Description

Awesome Nightfall: The Life, Times, and Poetry of Saigyo captures the power of Saigyo's poetry and this previously overlooked poet's keen insight into the social and political world of medieval Japan. It also offers a fascinating look into the world of Japanese Buddhism prior to the wholesale influence of Zen.

About the author(s)

William R. LaFleur received his PhD from the University of Chicago, where he studied with Joseph Kitagawa and Mircea Eliade. Over the course of his career, LaFleur taught at Princeton University, UCLA, Sophia University, Tokyo, and at the University of Pennsylvania, where he was the E. Dale Saunders Professor of Japanese Studies. In addition to his work on Buddhist cosmology and the "mind" of medieval Japan, he was a gifted translator and interpreter of poetry and published two volumes on the medieval monk-poet Saigyo. He was deeply interested in Zen, especially as a resource for contemporary thought. He wrote and edited several books and essays, introducing to Western readers the work of the thirteenth-century Zen master Dogen, the Kyoto-school figure Masao Abe, and the twentieth-century philosopher and cultural historian Watsuji Tetsuro. In 1989, he became the first non-Japanese to win the Watsuji Tetsuro Cultural Prize. In his later career, while continuing to study medieval Japanese religion and literature, he produced pioneering studies of Japanese bioethics, highlighting contrasts with Western approaches to such issues as abortion, organ transplants, and medical definitions of death. Altogether, he wrote or edited nine books. He passed away in 2010.

Reviews

"On anyone's list, Saigyo ranks among Japan's best poets. With Hitomaro and Basho, he has long been one of the poets most loved by the Japanese. (Basho viewed Saigyo as a model for his life as a recluse, a monk, and a poet traveler.) A master of many styles of poetry, Saigyo was [also] a pioneer in a new style, presenting a rich, darkly imagistic field with symbolic overtones. [. . . ] This new volume by LaFleur adds 43 new translations to the almost 200 previously published in his earlier Mirror for the Moon and provides a greatly expanded 70-page introduction to Saigyo's life and times that provides an invaluable framework for interpretation. [. . .] LaFleur's appealing contemporary English versions convey Saigyo's relatively informal voice and diction, and his long involvement with the poems is evident both in his translations and his commentary. This attractive new volume presents a more substantial overview of Saigyo's life and times than has been undertaken in any of the earlier English-language translations. Decades of scholarly and personal engagement with Saigyo's writings make LaFleur a reliable guide to the literary modes, techniques, and values that inform Saigyo's poetry. Many of the translations here are not only immediately appealing but reward reflection and re-reading."

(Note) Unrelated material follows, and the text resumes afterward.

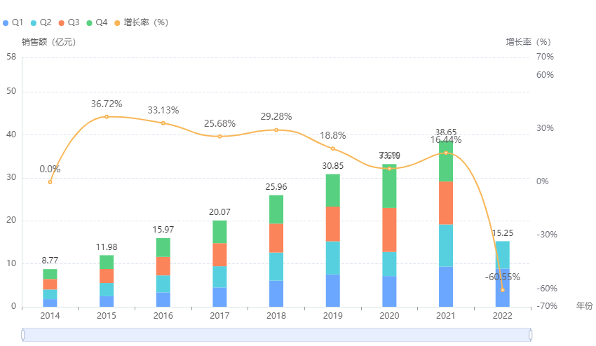 盐酸右美托咪定注射剂医院端历年销售趋势(微信搜索"药融云小程序"查看更多维度数据分析)

"One of the most extraordinary new books currently in release is William R. LaFleur's Awesome Nightfall: The Life, Times, and Poetry of Saigyo. This fascinating work is equal parts biography. History, poetry, and even mystery as it traces the life and mind of an elusive and complex figure in Japanese culture...This book is one of the rare works that leaves the reader overflowing with satisfaction in knowing something important and wonderful was achieved in the trip through its pages."

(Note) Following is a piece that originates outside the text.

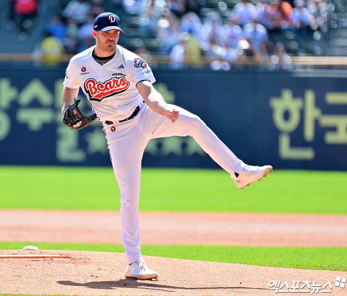 (엑스포츠뉴스 잠실, 김한준 기자) 20일 오후 서울 송파구 잠실야구장에서 열린 '2025 신한 SOL Bank KBO리그' KIA 타이거즈와 두산 베어스의 경기, 1회초 두산 선발투수 잭 로그가 공을 힘차게 던지고 있다.

"In 1140, Saigyo cast off his warrior past and entered his poetic and priestly vocation. Attached to no monastery, he roamed Japan, engaging in religious austerities and honing his skills. William R. LaFleur's Awesome Nightfall offers us a more complex, more human Saigyo--reclusive, yes, but still a very close observer of his times, viewing the enveloping darkness from the heights 'where none can view me / but I can review all things.'"

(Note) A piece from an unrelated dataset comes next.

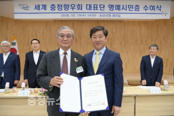 논산시(시장 황명선)는 지난 10일 시청 회의실에서 미국, 호주, 독일 등 14개국에서 활동하고 있는 세계 충청향우회 대표단 31명에게 논산시 명예시민증을 수여했다.

"This remarkable life and poetry of Saigyo is essential reading: essential to understanding Japanese literary tradition, and essential to understanding the role of Japan's most influential poet in the history of its Buddhism. Saigyo found beauty in the temporality of things and identified with ordinary villagers throughout his famous journeys, writing poems that remain as elegant, perceptive and moving today as they were a thousand years ago. William R. LaFleur presents a striking portrait of the man and his work. His scholarship and artistry are commendable. Awesome Nightfall is a classic."